Went to the Jordan River tonight from 5:15pm to 10pm without my twin. Fishing was great when I figured out where to cast as the water level went up again. I caught 2 utah suckers and 9 black bullhead catfish! By 8pm BFT's Loanfish saw my car on his way back from Sportsmans and he knew where I'd be fishing! He chatted with me trying to convince me to pack up and hit little dell right that second. After witnessing me pulling in another sucker and a few cats he and his daughter scrambled to go get their gear at home and join me. Being the stubburn type they refused to cast in my spot. I couldn't convince them to do it. Loanfish got 1 mud cat.

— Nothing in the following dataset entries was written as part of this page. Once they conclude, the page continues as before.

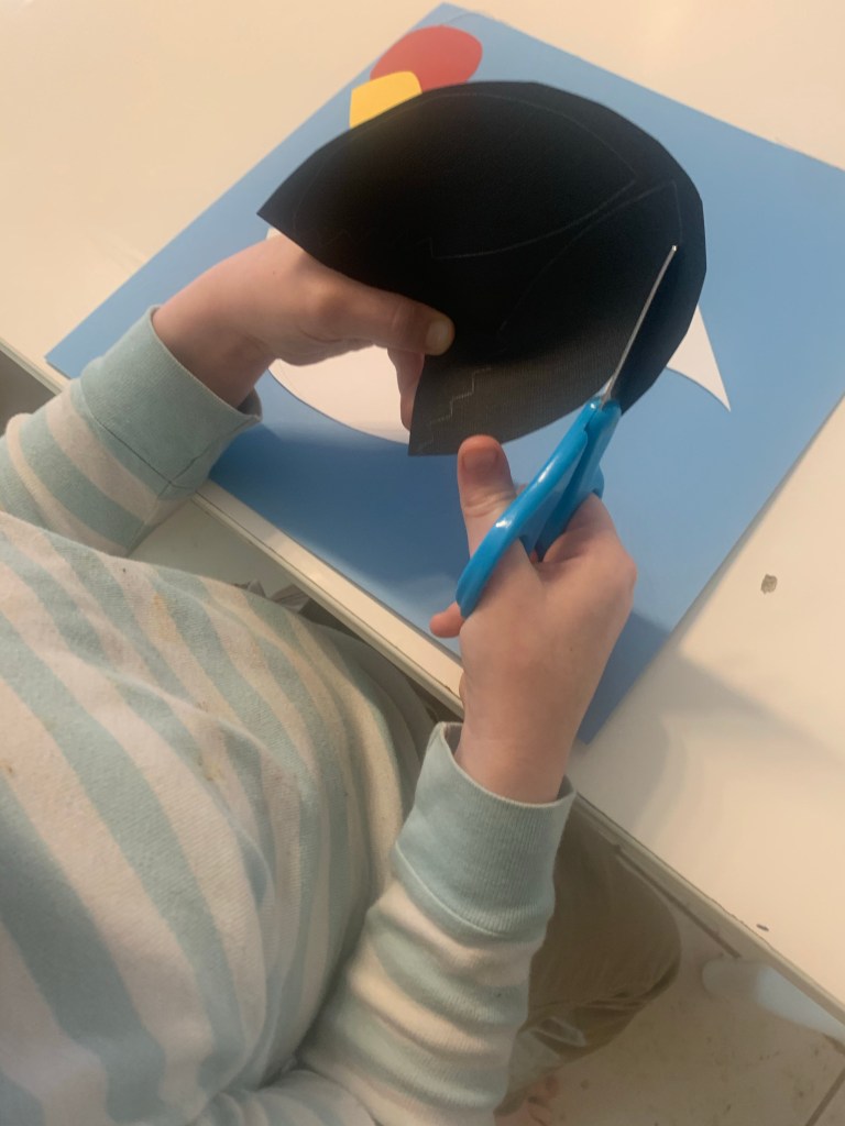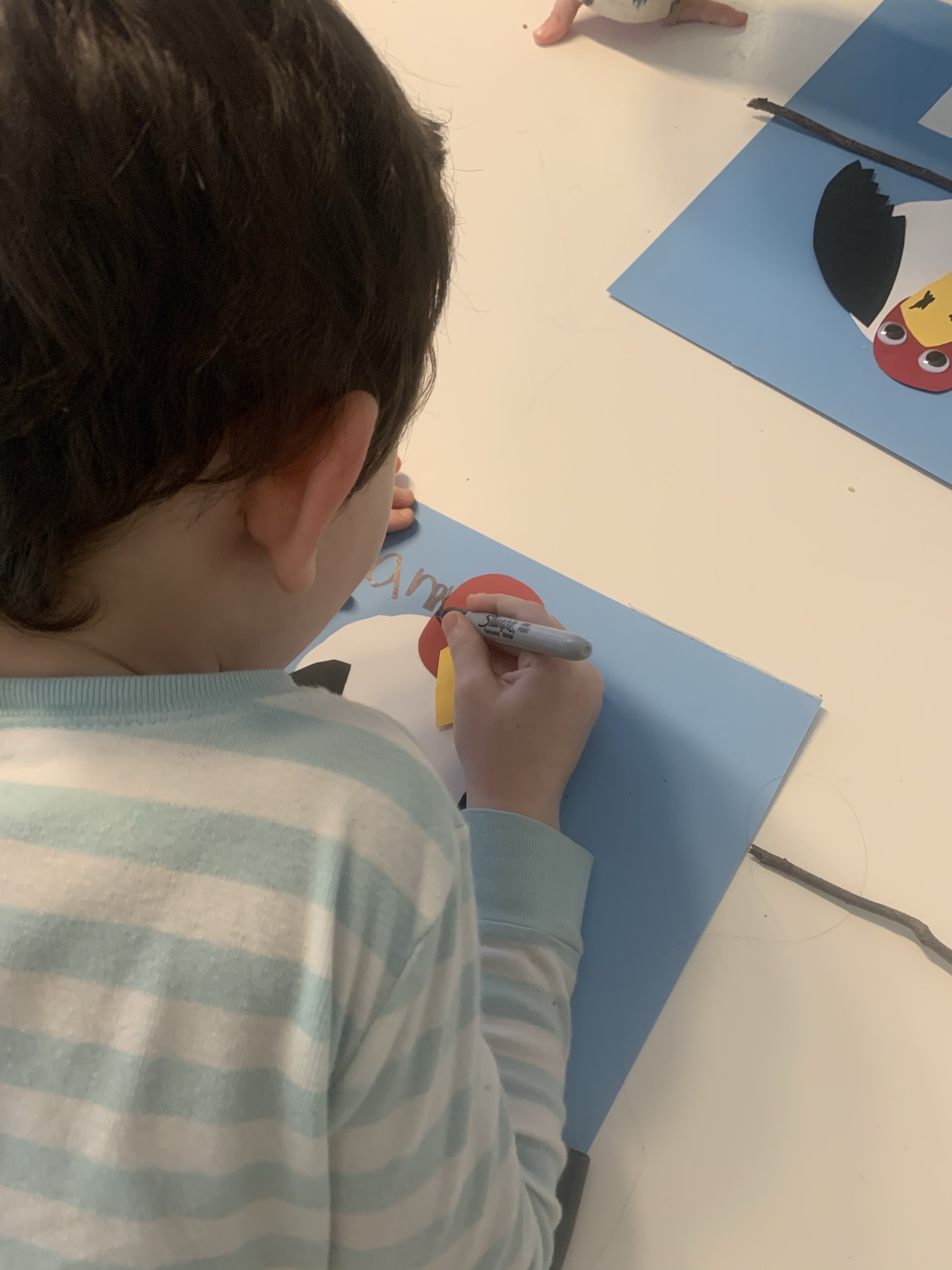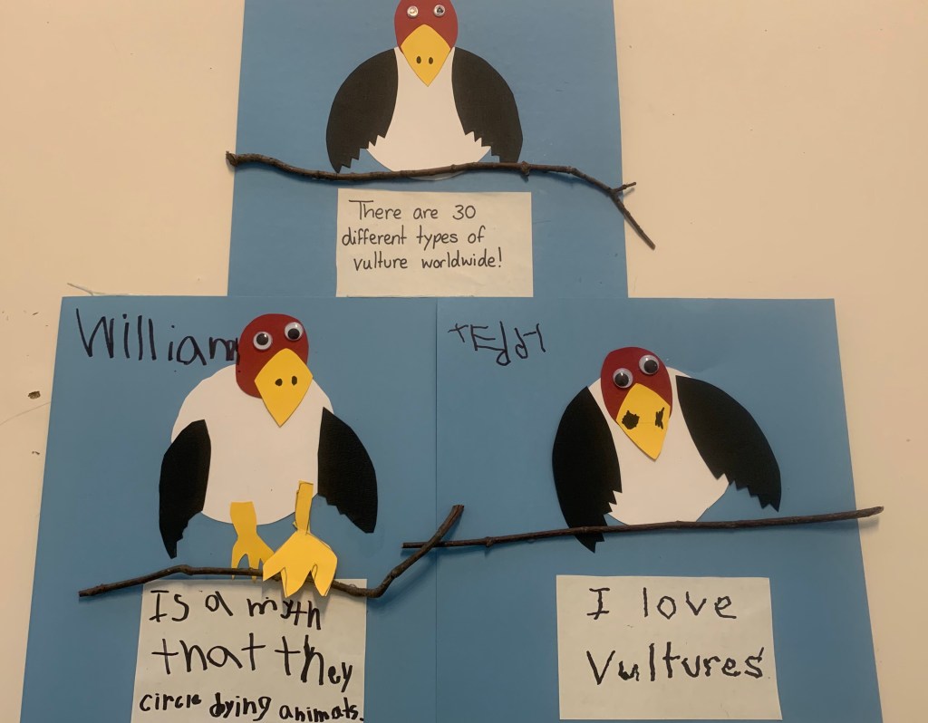 I adapted the activity level for both William and Teddy. For William I had the individual parts of the vulture drawn on the card, and he cut them all out himself. For Teddy I had cut out the wings, beak and face, and Teddy was only responsible for cutting out the white circle for the body. He was a LOT more successful and speedy than I thought he would be, so next time I’ll definitely give him a little more to cut out. I had already glued a rectangle onto each blue backing piece of paper. This was for the kids to write their untrue facts when we were done. I then let them glue their own pieces together on the paper, draw their nostrils on, and glue on their google-y eyes. William actually asked me if they had to have two eyes, or if they could choose as many as they liked (Teddy’s 7 eyed shark has left a long lasting imprint on us all!) and I said I wanted 2. Yes I know I know. I’m stifling their creativity. Honestly it’ll be a super thing for them to bring up to their therapist in 20 years, today, I was putting my foot down.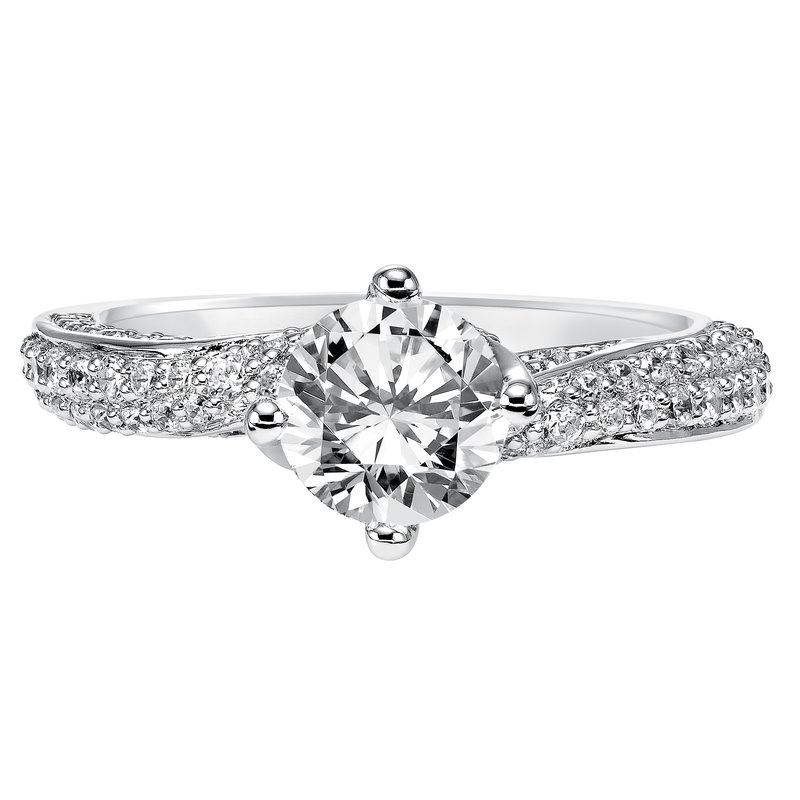 Gorgeous curves of diamond pave grace the band of this diamond engagement ring for a romantic look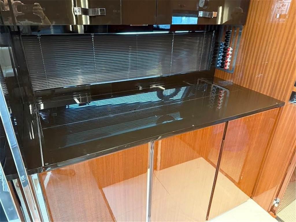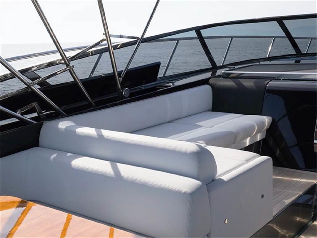 Attraverso la plancetta applicata sullo specchio di poppa che nasconde il garage per il tender, si accede al pozzetto di coperta caratterizzato da prendisole poppiero, zona dinette con divano a L lungo la murata di sinistra mentre sul lato opposto è stato collocato un mobile bar/cucina per i pasti all’aperto.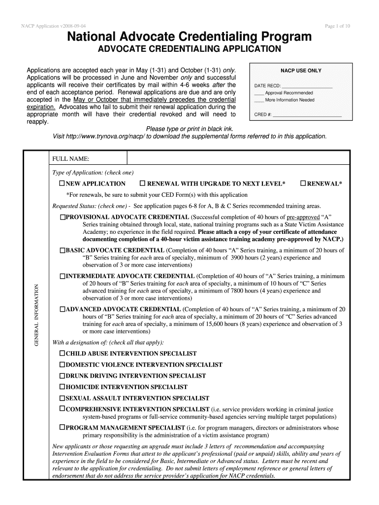 National Advocate Credentialing Program® Apply for the NACP to become a Credentialed Advocate. NACP promotes a minimum of 40 hours of pre-service training, recognizes previous years of paid or volunteer advocacy experience, and requires continuing education for all NACP-credentialed advocates.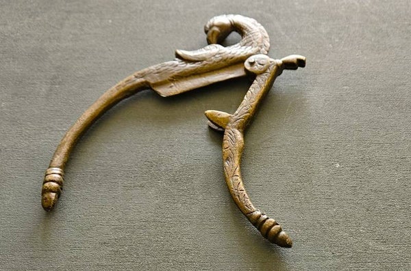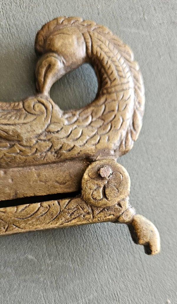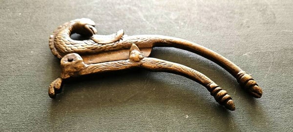 Dit is een vintage messing vogelkever notensnijder. Het is in goede vintage staat met wat oppervlakteroest op het mes en de pin. Dit stuk is ca. 18 cm lang en 9 cm breed.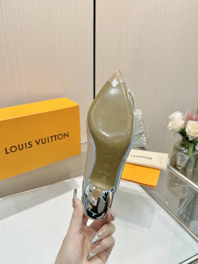 工厂P批P: 、 代购级 、Louis Vuitton 2025官网早春系列!完美楦型、 尖头新品、官网同步更新 小尖头搭配镂空皮条小方扣可调节松紧, Lv五金 “Logo”饰以点缀,细节感拉满、效果视觉盛宴难以掩饰Lv的优雅气质刚刚好、上脚舒适好穿、女人味十足。 新原版倒模楦型,极致1:1形体,做工精致、进口高端面料呈现出精致质感! 面料:进口小羊皮、牛漆皮 老花 牛仔布 内里优质柔软羊皮里、 垫脚:进口山羊皮、 意大利真皮大底 5.5烤漆跟 码数:34-41 34.40、41、定制不退不换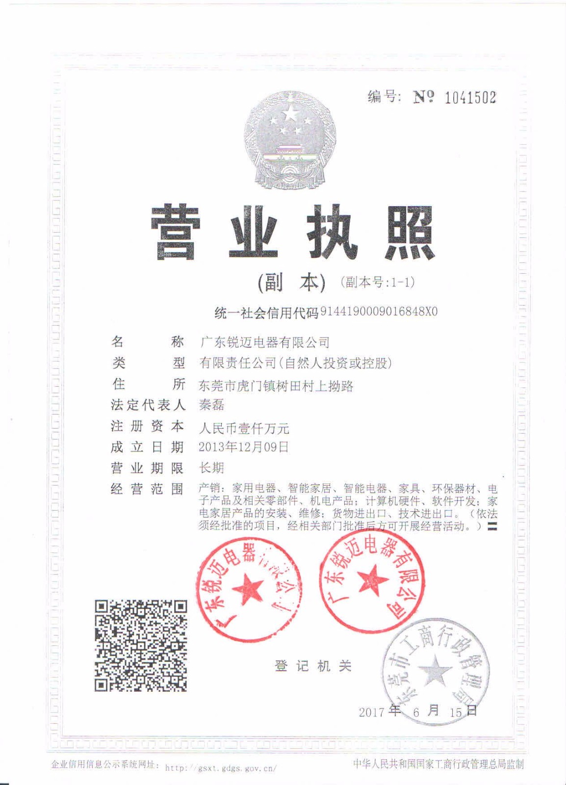 - 經營范圍:產銷:家用電器、智能家居、智能電器、家具、環保器材、電子產品及相關零部件、機電產品;計算機硬件、軟件開發;家電家居產品的安裝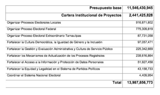 Además, resaltó que los proyectos con más recursos están encaminados a organizar procesos electorales locales, el Proceso Electoral Federal y fortalecer los mecanismos de actualización de los procesos registrales y se prescindirá de proyectos como el de la infraestructura inmobiliaria y se limitará el uso de materiales de oficina, arrendamientos, estacionamiento, servicio telefónico y energía eléctrica.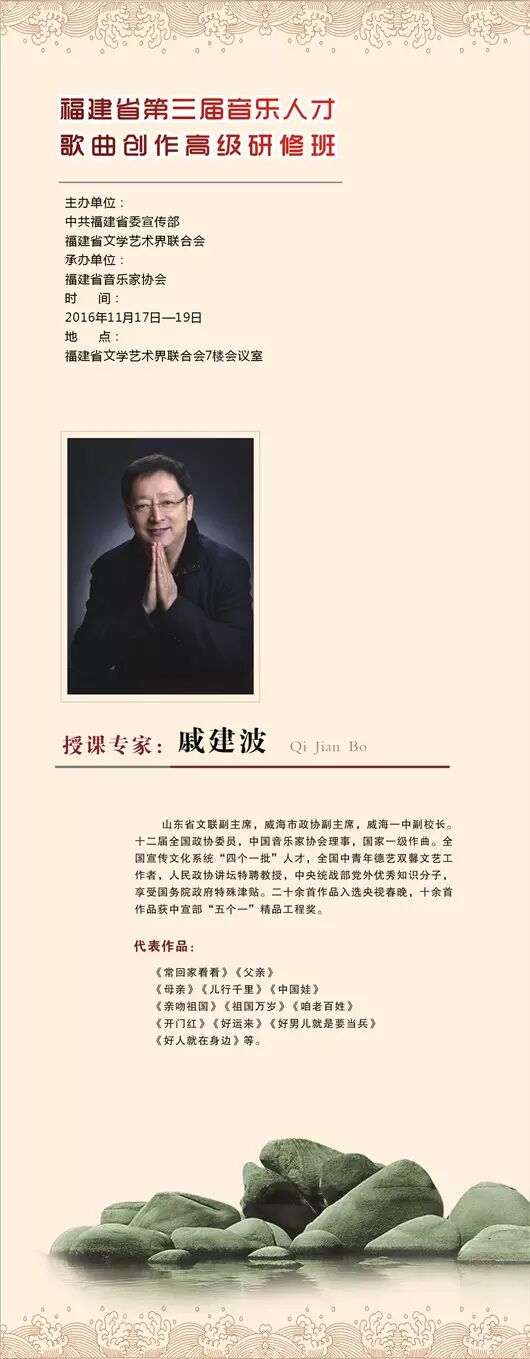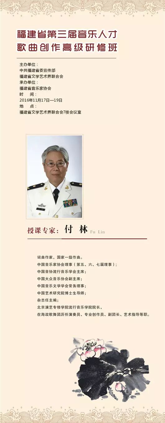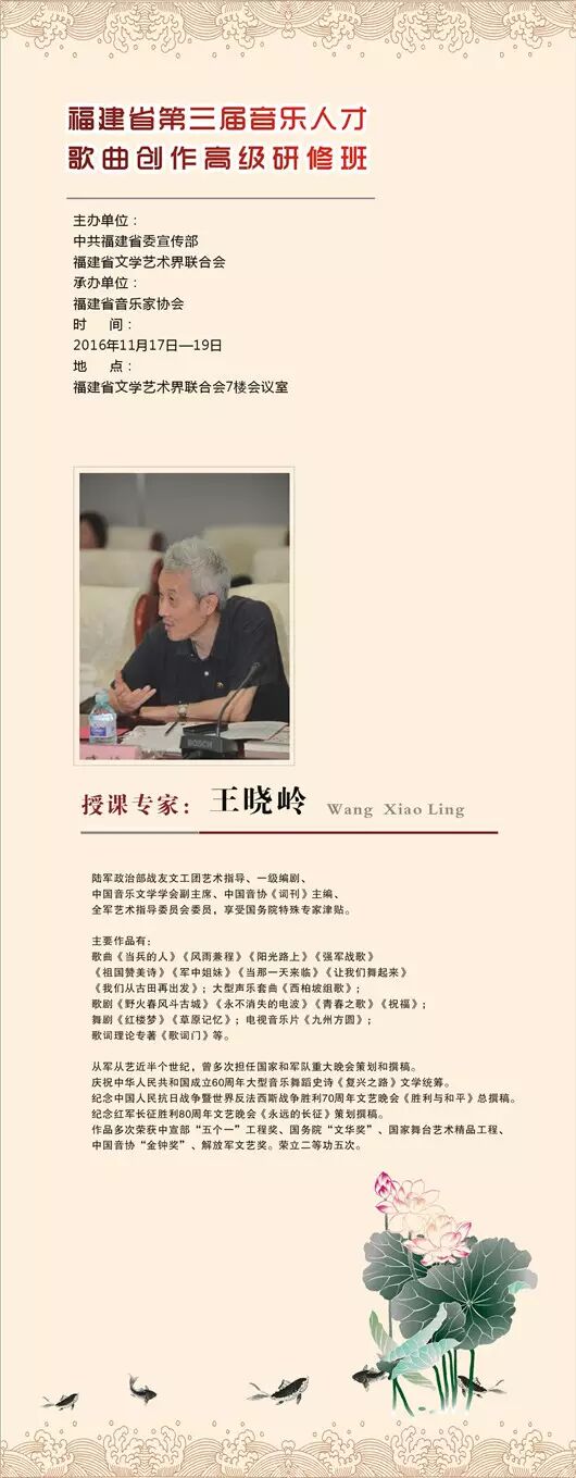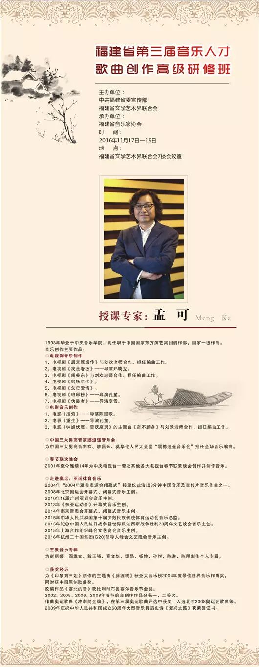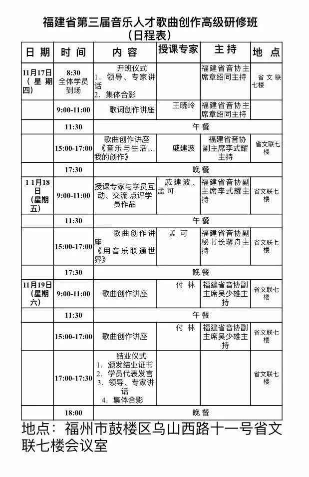 福建省第三届音乐人才歌曲创作高级研修班系列活动将于2016年11月17日至20日在福州举办,此次活动由中共福建省委宣传部、福建省文学艺术界联合会联合主办,福建省音乐协会承办,将邀请国内著名词曲家王晓岭、付林、戚建波、孟可举办音乐创作讲座。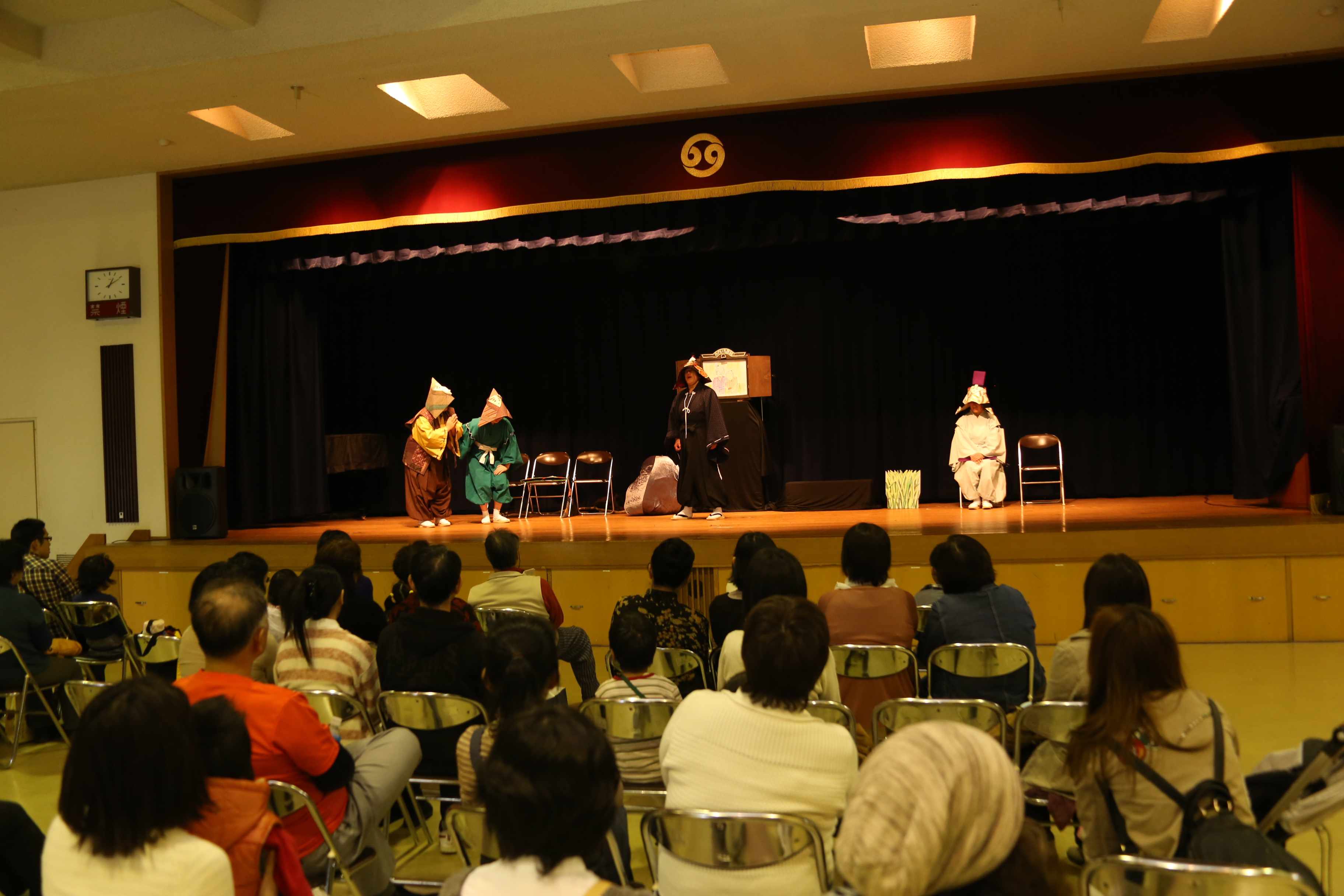 野々市市の郷土資料館で、今年3回目の民話劇「きつねの恩返し」を披露しました! 土間の部分を舞台にして、お客さんには板間からちょっと見下ろす形で見てもらいました。 土間は広いし、板間はゆったり座れるし、声は響くし、ちょうど良い感じに薄暗いし、 お芝居を見てもらうには、とっても良い環境でした!! こんな会場を使わせていただいて、ラッキーです 劇団nonoの前には、人形劇団くるりんぱの西川洋子さんによる民話の読み聞かせ。 お着物姿がとってもお似合いで、雰囲気作りがお上手でした~ そして、劇団nonoの番。 お芝居が始まっても、 古民家から漏れ聞こえる音楽やセリフが物珍しいからか(?)、 どんどんお客さんが入ってこられて、満員御礼+++でした! ご来場いただいた皆さん、本当にありがとうございました!! 野々市の最大のお祭り・じょんからまつりで披露した劇だったので、 「なんだー、一緒の話か~」と言われるかと思ったら、 「初めて見たよ~」という方がほとんどで、 劇団nonoも民話劇もまだまだ認知されていないのだなぁ… と、嬉しくもあり、悲しくもあり複雑な気持ちでした 新団員の早織ちゃんとひろあきさんは堂々デビュー 今回もたくさんの方に楽しんでいただけたようで、よかったです そして、市の提案型協働事業に採択されたことで、 衣装と音響機材を新たに購入することができ、 劇全体の質が向上したと思います 次は、11月4日(月・祝)に「マナビィフェスタ」で民話劇やります!! 場所は野々市市中央公民館で、時間は午後1時~1時30分です 当日は、nonoがお店も出すよー |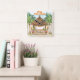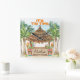 Tropical Tiki theme wall clock feature a watercolor Tiki bar on the beach (complete with a parrot and cocktails) framed by palm trees, Tiki torches and totems with "Aloha" and "It's Tiki Time" captions in island style fonts. The name and caption can be personalised.

We were using nightcrawlers on size #4 hooks and a 1/2oz egg weight 6 inches above it. I lost a few fish on the reel in and had TONS of bites that I falied to hook up.

Me and my 2 Utah Suckers









1 of 9 black bullhead catfish









Loanfish and his daughter fishing along the jordan river


----------



## Bscuderi (Jan 2, 2012)

Nice! I caught lots of cats out of that hole though not 9 in one outing good work! Was it my carp hole? Haha


----------



## tye dye twins (Mar 8, 2011)

Bscuderi said:


> Nice! I caught lots of cats out of that hole though not 9 in one outing good work! Was it my carp hole? Haha


6 out of 11 yes. Still no carp for me this time. I left the mud cats for ya though.


----------